Lo mismo sucede con la formación del talento humano. Para ello es menester un sistema educativo incluyente y de calidad. Municipios y departamentos deberían tener la opción de asegurar este derecho de forma interna (teniendo colegios propios, por ejemplo) o de forma externa (en concesión). En cada caso la solución apropiada debe responder a las condiciones locales, persiguiendo la inclusión y la movilidad social. Es igualmente importante hacer la pedagogía para que los jóvenes se interesen por las formaciones pertinentes para el sector productivo, cerrando así el skill gap (la brecha entre las competencias de los egresados de las instituciones educativas y lo que quieren las empresas). Todos tienen derecho a estudiar lo que su vocación les dicte, pero un país altamente tecnológico necesitará más científicos, ingenieros, tecnólogos y técnicos.

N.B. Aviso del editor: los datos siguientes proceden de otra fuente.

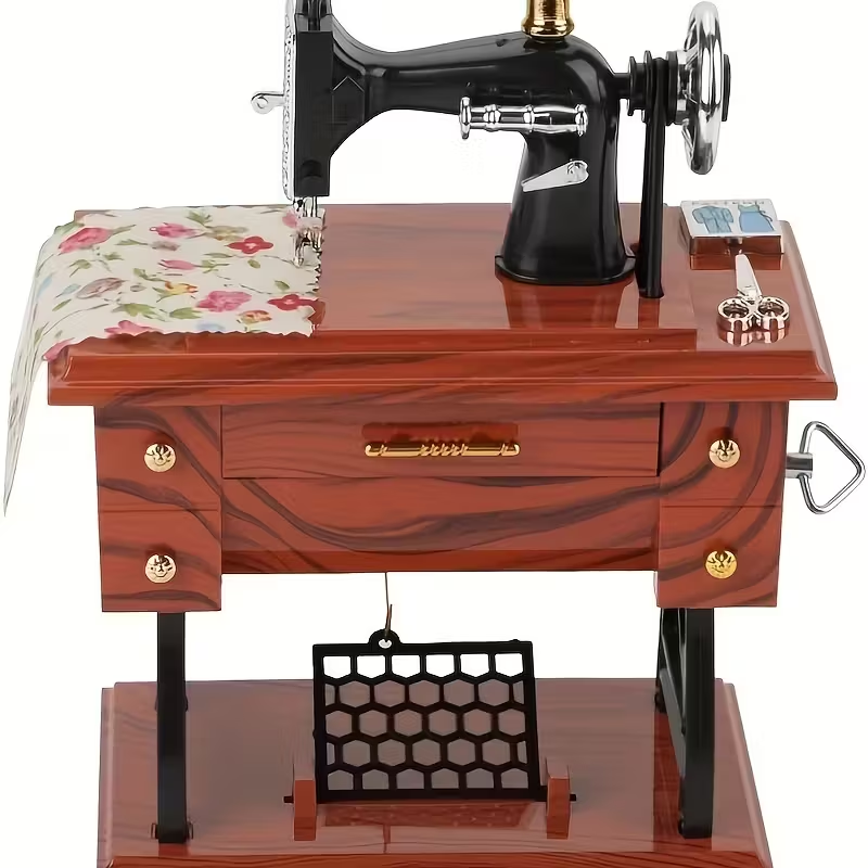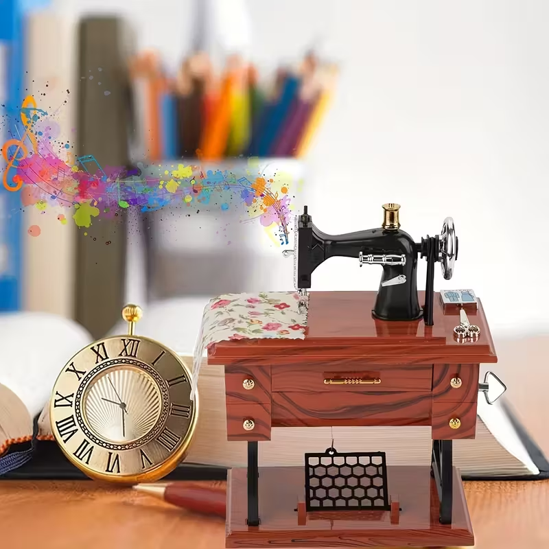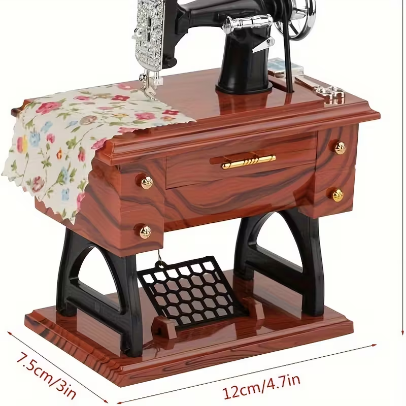 This Mini Sewing Machine Music Box is pure vintage magic! A little clockwork wind-up brings it to life with music 🎶 while the details make it look like a real antique sewing machine. Perfect gift for collectors, décor lovers, or anyone who loves unique keepsakes

La producción de una legislación clara y eficiente, el poder de los jueces para hacer cumplir los contratos entre particulares y la acción de la fuerza pública para garantizar la seguridad hacen parte igualmente de esas externalidades que tanto necesita el país para emprender la transformación que esperamos. La tarea no es sencilla, pero Colombia tiene la voluntad y los recursos para emprender dicho camino.
En la próxima entrega, detallaremos un poco las acciones que puede tomar el sector privado en la búsqueda del país industrial.
Daniel Palacio Peña Docente economista de la universidad EAFIT y master en economía del sector público de la Universidad Panthéon-Assas de París.danielpalacio1987@gmail.com“Más que en modelos ideológicos, nuestras decisiones deben reposar en un análisis concienzudo de los límites de la acción del mercado y del estado”
Daniel Velásquez Gaviria Economista y master en finanzas.danielvelasquezg@gmail.comdvelas18@eafit.edu.co.“Transmitiendo la teoría económica en un idioma fácil”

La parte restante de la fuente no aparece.